▶ **SUPPLIED DATA**
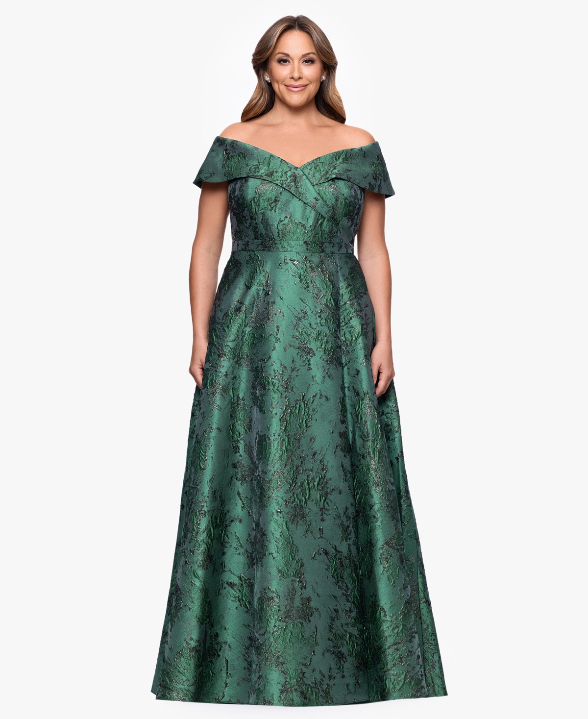 Xscape Plus Size Off-The-Shoulder Metallic Jacquard Ball Gown - Dark Green
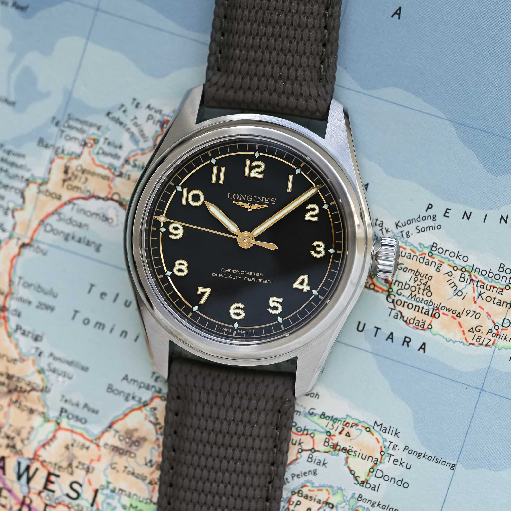 Under the solid caseback, no changes. The Spirit Pilot relies on the Longines-exclusive calibre L888.4, an evolution of the ETA 2892 beating at 3.5Hz, featuring a magnetic-resistant silicon hairspring and delivering 72 hours of power reserve. Its precision is certified by the COSC. This version is offered in a variety of styles, with a 3-link steel bracelet or a brown leather strap. Both are equipped with an interchangeability system and a micro-adjustable folding clasp. Alternatively, you can opt for a textile-style green rubber strap with a pin buckle. Prices are EUR 2,950 on steel bracelet, EUR 2,700 on leather strap and EUR 2,600 on rubber strap.
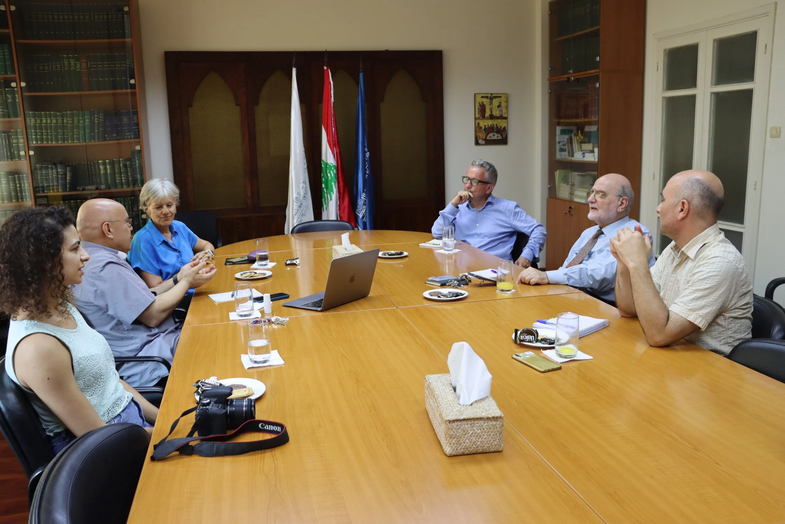 The delegation was received by the Secretary General of the Middle East Council of Churches Dr. Michel Abs, and Father Dr. Antoine Al Ahmar, Director of the MECC Theological and Ecumenical Department.
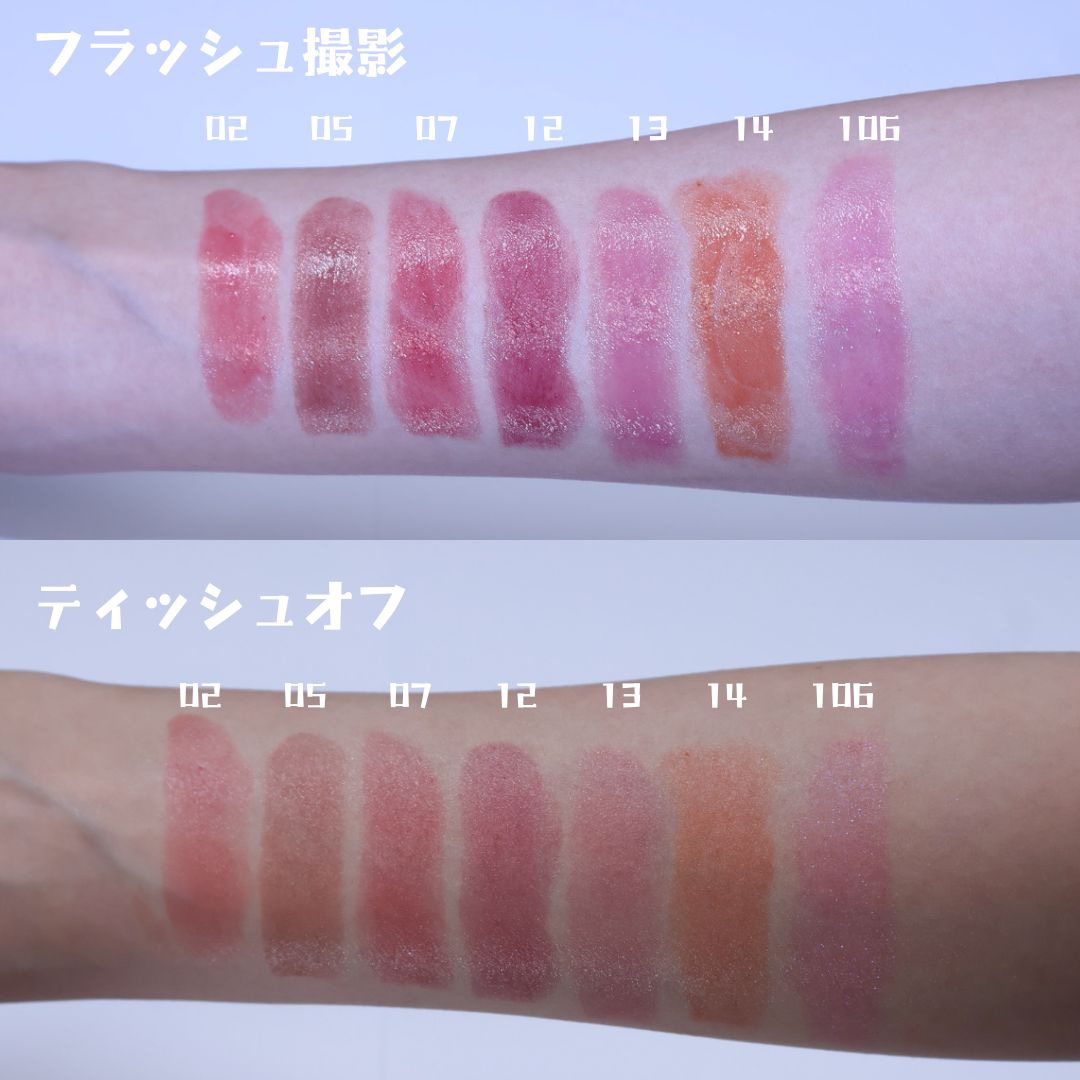 とろけるようにスルスル塗れて唇に艶が出る。 バームのようなコッテリさはないのでペタペタしないし使いやすいと思います。 塗りたては潤い感があって乾燥しません。 が、調子が悪い日は夕方くらいに皮が捲れちゃうような乾燥を感じました。 言わずもがな良いです! ご飯食べに行く日はティッシュオフして重ね塗りしてより最強にしています。
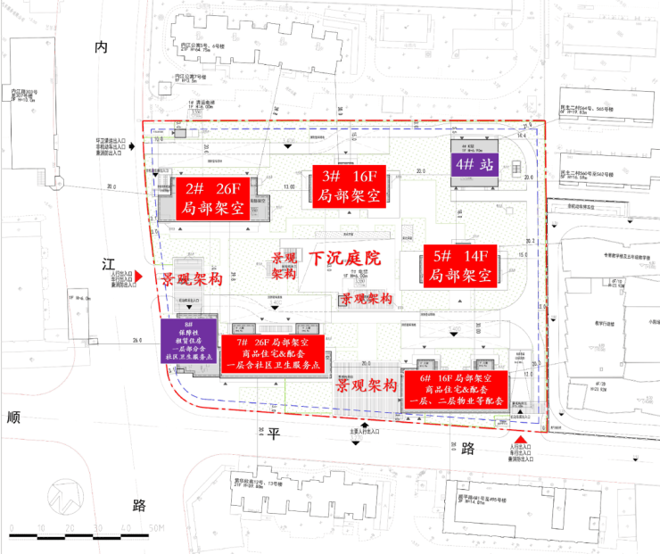 根据规划图所知,项目拟建5栋14-26F住宅产品,以及1栋保障性租赁用房;

▶ **WHAT YOU SHOULD DO**
An exact copy of all the data above is required; omit any pictures.

▶ **TASK RESULT**
 Xscape Plus Size Off-The-Shoulder Metallic Jacquard Ball Gown - Dark Green
 Under the solid caseback, no changes. The Spirit Pilot relies on the Longines-exclusive calibre L888.4, an evolution of the ETA 2892 beating at 3.5Hz, featuring a magnetic-resistant silicon hairspring and delivering 72 hours of power reserve. Its precision is certified by the COSC. This version is offered in a variety of styles, with a 3-link steel bracelet or a brown leather strap. Both are equipped with an interchangeability system and a micro-adjustable folding clasp. Alternatively, you can opt for a textile-style green rubber strap with a pin buckle. Prices are EUR 2,950 on steel bracelet, EUR 2,700 on leather strap and EUR 2,600 on rubber strap.
 The delegation was received by the Secretary General of the Middle East Council of Churches Dr. Michel Abs, and Father Dr. Antoine Al Ahmar, Director of the MECC Theological and Ecumenical Department.
 とろけるようにスルスル塗れて唇に艶が出る。 バームのようなコッテリさはないのでペタペタしないし使いやすいと思います。 塗りたては潤い感があって乾燥しません。 が、調子が悪い日は夕方くらいに皮が捲れちゃうような乾燥を感じました。 言わずもがな良いです! ご飯食べに行く日はティッシュオフして重ね塗りしてより最強にしています。
 根据规划图所知,项目拟建5栋14-26F住宅产品,以及1栋保障性租赁用房;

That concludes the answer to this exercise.